(What to do) Exactly as they stand, copy the lines from the one containing "A white background, decorated" to the final line of the data; leave out the pictures.

(Collection entries)
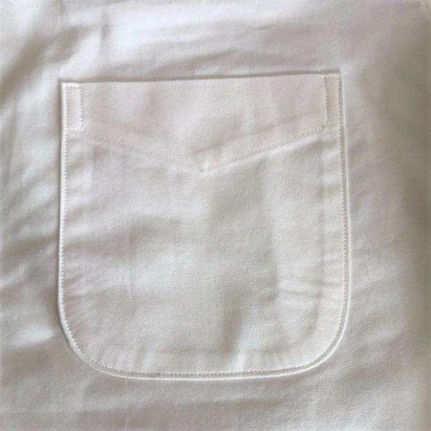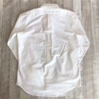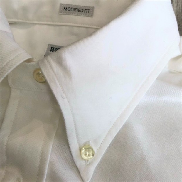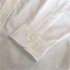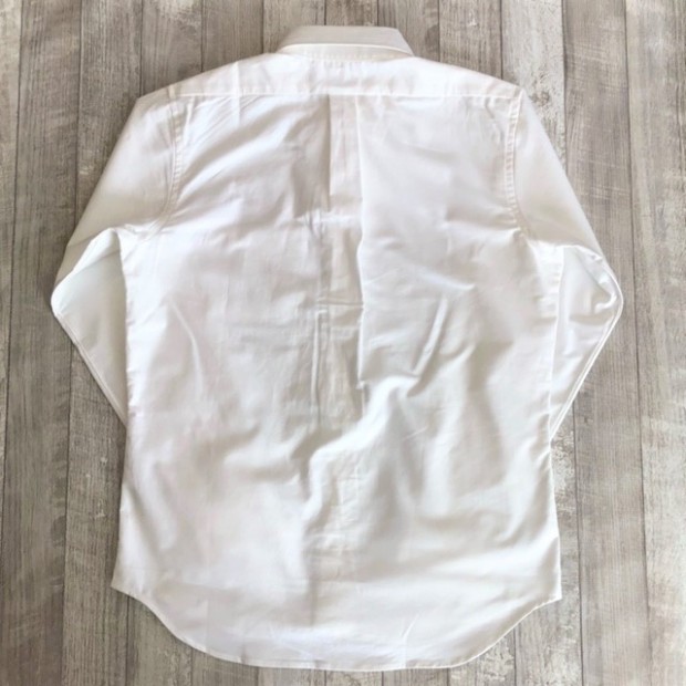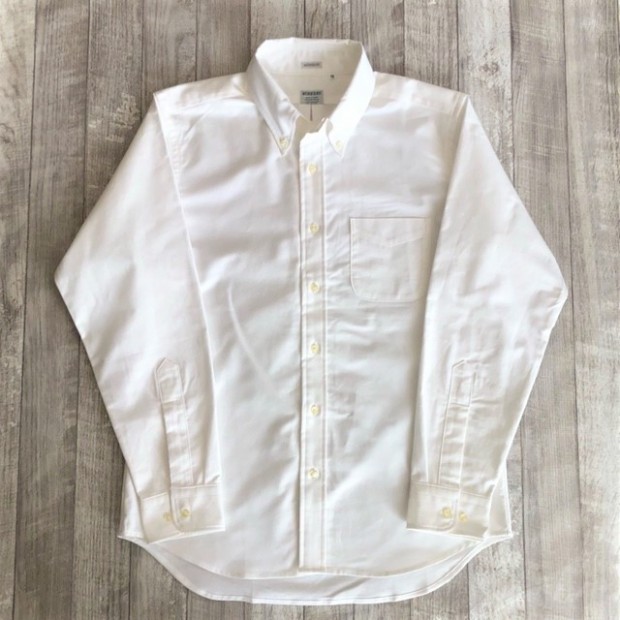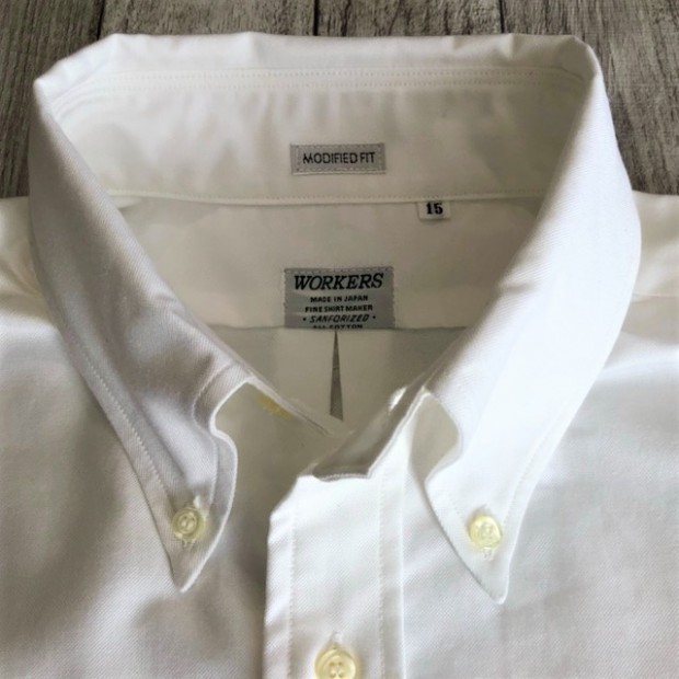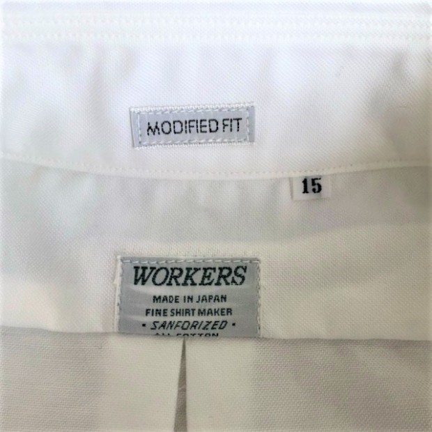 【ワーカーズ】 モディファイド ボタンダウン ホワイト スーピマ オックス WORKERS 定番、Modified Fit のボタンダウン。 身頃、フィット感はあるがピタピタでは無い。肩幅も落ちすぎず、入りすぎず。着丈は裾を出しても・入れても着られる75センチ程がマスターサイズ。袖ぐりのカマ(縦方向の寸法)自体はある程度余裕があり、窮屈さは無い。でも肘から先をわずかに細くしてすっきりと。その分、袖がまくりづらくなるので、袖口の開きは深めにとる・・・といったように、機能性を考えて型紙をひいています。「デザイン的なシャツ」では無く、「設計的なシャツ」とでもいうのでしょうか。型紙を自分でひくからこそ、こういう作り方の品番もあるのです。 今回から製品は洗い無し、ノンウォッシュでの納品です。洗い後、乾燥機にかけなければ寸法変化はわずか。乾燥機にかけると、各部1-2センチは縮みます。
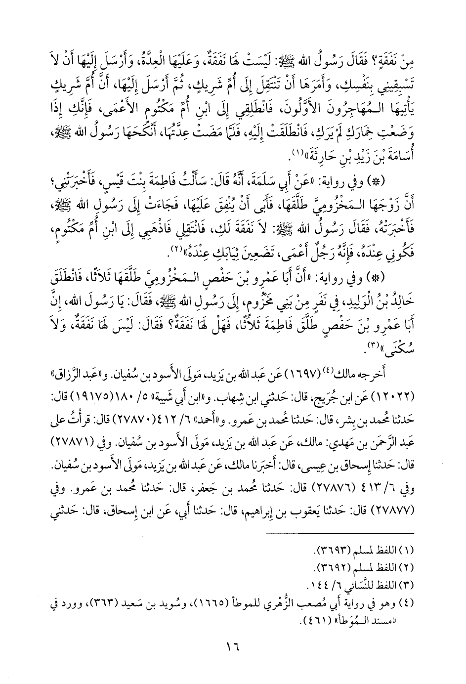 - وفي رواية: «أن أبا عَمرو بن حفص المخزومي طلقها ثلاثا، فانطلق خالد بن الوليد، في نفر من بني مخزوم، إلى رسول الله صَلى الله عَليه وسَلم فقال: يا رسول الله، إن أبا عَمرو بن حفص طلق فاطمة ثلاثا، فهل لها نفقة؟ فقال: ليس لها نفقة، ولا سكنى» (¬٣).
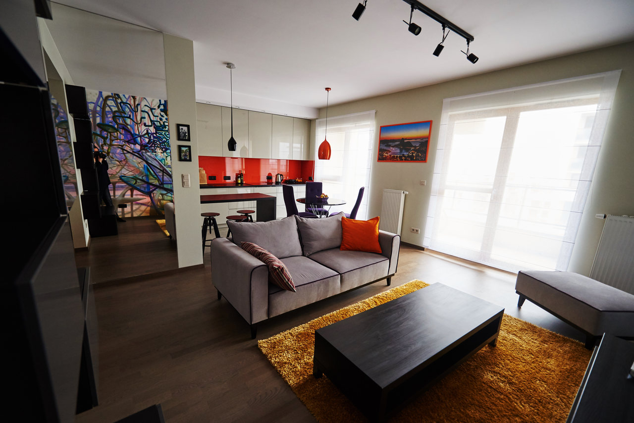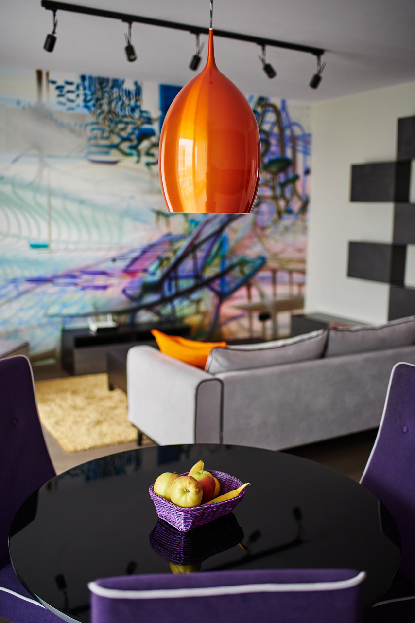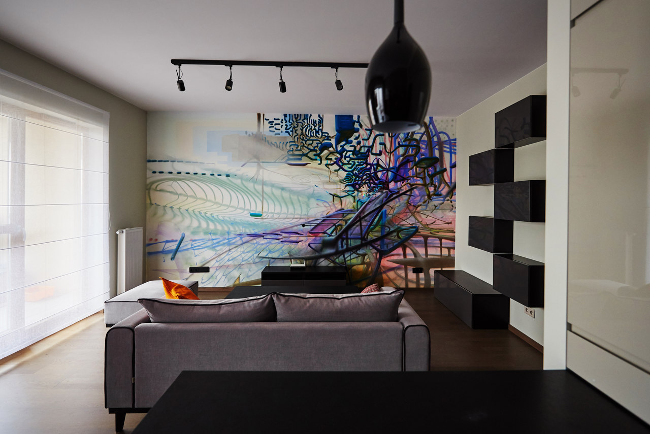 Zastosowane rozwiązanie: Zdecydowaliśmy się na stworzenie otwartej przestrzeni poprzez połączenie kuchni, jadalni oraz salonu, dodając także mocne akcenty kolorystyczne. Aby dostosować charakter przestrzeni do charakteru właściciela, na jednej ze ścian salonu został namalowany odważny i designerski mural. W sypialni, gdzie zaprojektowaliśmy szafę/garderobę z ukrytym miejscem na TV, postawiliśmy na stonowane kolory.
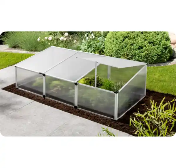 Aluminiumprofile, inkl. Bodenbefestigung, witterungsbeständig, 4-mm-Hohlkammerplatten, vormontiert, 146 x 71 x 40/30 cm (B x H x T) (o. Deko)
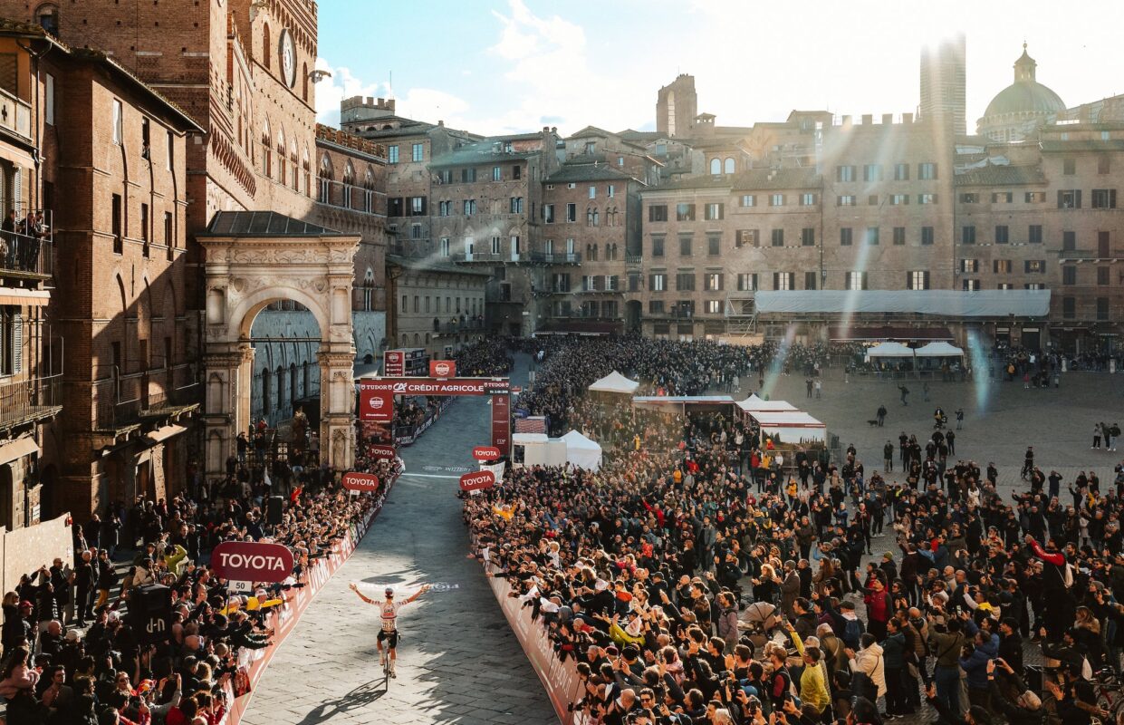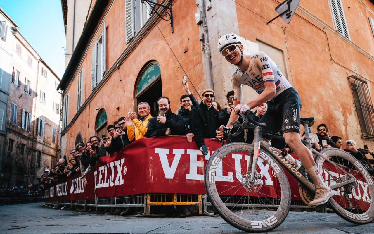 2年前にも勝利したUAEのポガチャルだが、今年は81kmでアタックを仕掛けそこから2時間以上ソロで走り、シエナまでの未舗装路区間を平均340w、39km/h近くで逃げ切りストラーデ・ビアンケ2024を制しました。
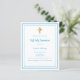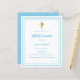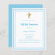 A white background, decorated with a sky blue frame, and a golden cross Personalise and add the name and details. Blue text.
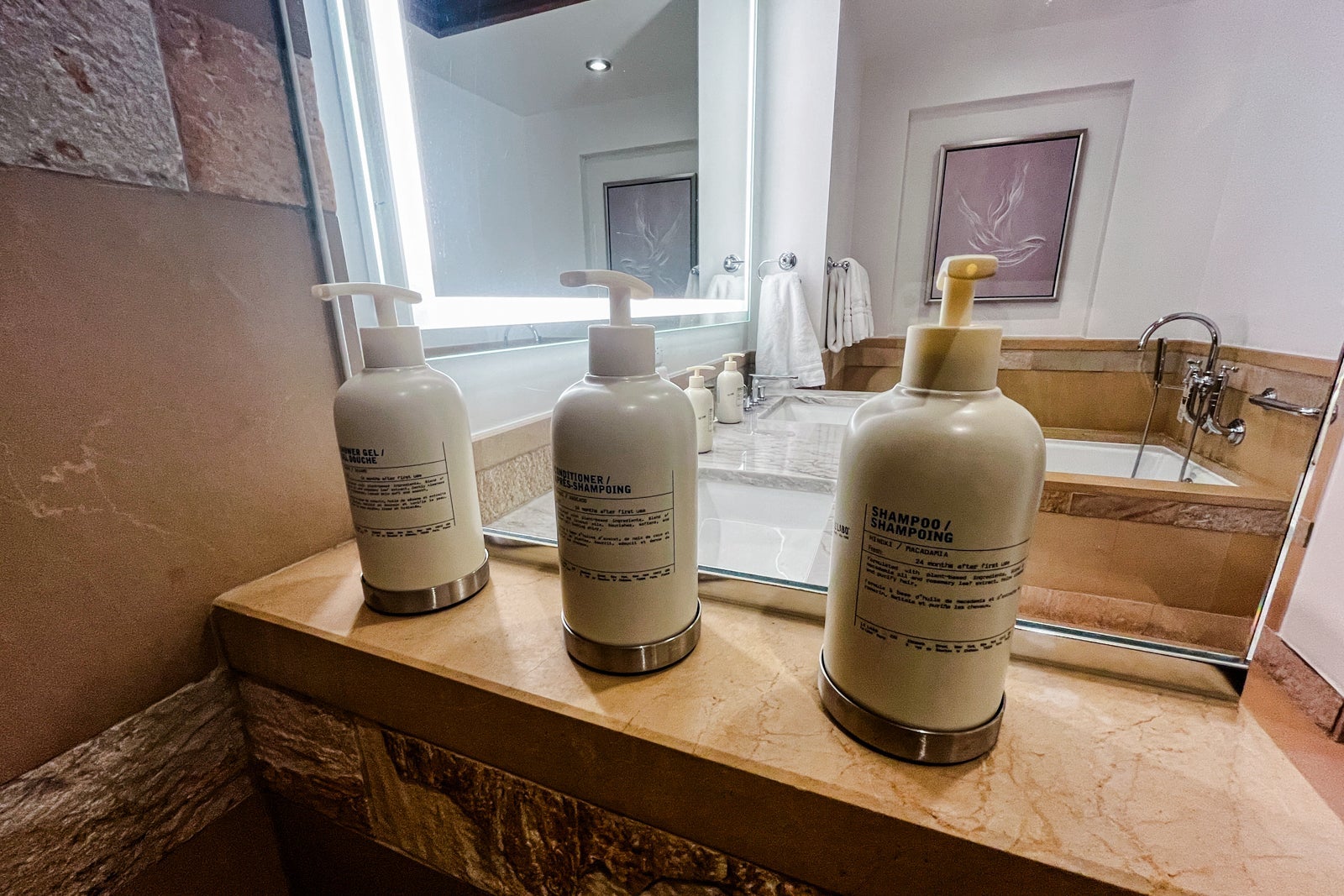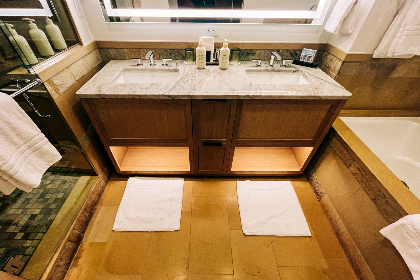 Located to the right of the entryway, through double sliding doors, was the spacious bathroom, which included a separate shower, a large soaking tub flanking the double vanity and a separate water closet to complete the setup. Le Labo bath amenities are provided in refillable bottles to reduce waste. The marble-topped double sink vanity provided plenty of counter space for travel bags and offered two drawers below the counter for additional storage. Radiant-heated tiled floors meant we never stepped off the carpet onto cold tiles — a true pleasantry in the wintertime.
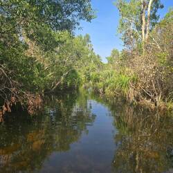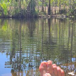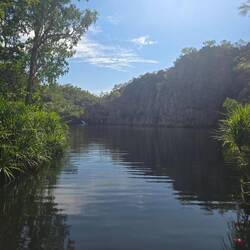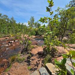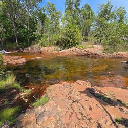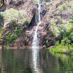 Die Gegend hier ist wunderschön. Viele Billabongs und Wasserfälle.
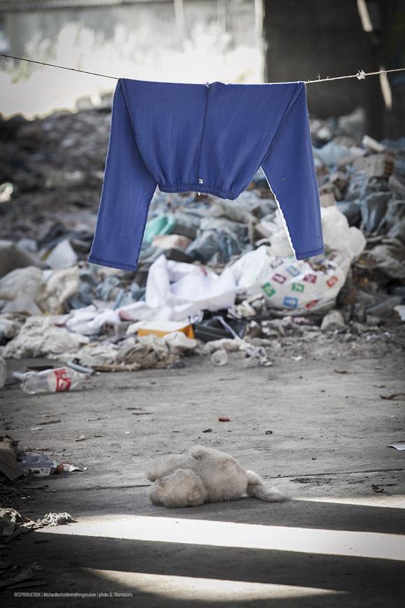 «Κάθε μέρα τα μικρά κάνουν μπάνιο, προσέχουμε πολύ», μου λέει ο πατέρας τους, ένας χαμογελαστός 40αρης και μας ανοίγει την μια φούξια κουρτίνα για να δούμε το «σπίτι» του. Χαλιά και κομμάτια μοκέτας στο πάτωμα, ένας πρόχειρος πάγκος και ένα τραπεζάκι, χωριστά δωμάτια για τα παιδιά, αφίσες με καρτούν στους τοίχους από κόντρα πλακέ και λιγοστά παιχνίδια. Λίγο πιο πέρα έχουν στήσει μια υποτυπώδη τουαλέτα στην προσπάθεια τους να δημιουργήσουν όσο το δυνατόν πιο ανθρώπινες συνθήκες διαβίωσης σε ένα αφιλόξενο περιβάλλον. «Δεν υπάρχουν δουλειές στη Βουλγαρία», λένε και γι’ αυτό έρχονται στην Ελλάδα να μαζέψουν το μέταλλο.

(Answer for the task)
 A white background, decorated with a sky blue frame, and a golden cross Personalise and add the name and details. Blue text.
 Located to the right of the entryway, through double sliding doors, was the spacious bathroom, which included a separate shower, a large soaking tub flanking the double vanity and a separate water closet to complete the setup. Le Labo bath amenities are provided in refillable bottles to reduce waste. The marble-topped double sink vanity provided plenty of counter space for travel bags and offered two drawers below the counter for additional storage. Radiant-heated tiled floors meant we never stepped off the carpet onto cold tiles — a true pleasantry in the wintertime.
 Die Gegend hier ist wunderschön. Viele Billabongs und Wasserfälle.
 «Κάθε μέρα τα μικρά κάνουν μπάνιο, προσέχουμε πολύ», μου λέει ο πατέρας τους, ένας χαμογελαστός 40αρης και μας ανοίγει την μια φούξια κουρτίνα για να δούμε το «σπίτι» του. Χαλιά και κομμάτια μοκέτας στο πάτωμα, ένας πρόχειρος πάγκος και ένα τραπεζάκι, χωριστά δωμάτια για τα παιδιά, αφίσες με καρτούν στους τοίχους από κόντρα πλακέ και λιγοστά παιχνίδια. Λίγο πιο πέρα έχουν στήσει μια υποτυπώδη τουαλέτα στην προσπάθεια τους να δημιουργήσουν όσο το δυνατόν πιο ανθρώπινες συνθήκες διαβίωσης σε ένα αφιλόξενο περιβάλλον. «Δεν υπάρχουν δουλειές στη Βουλγαρία», λένε και γι’ αυτό έρχονται στην Ελλάδα να μαζέψουν το μέταλλο.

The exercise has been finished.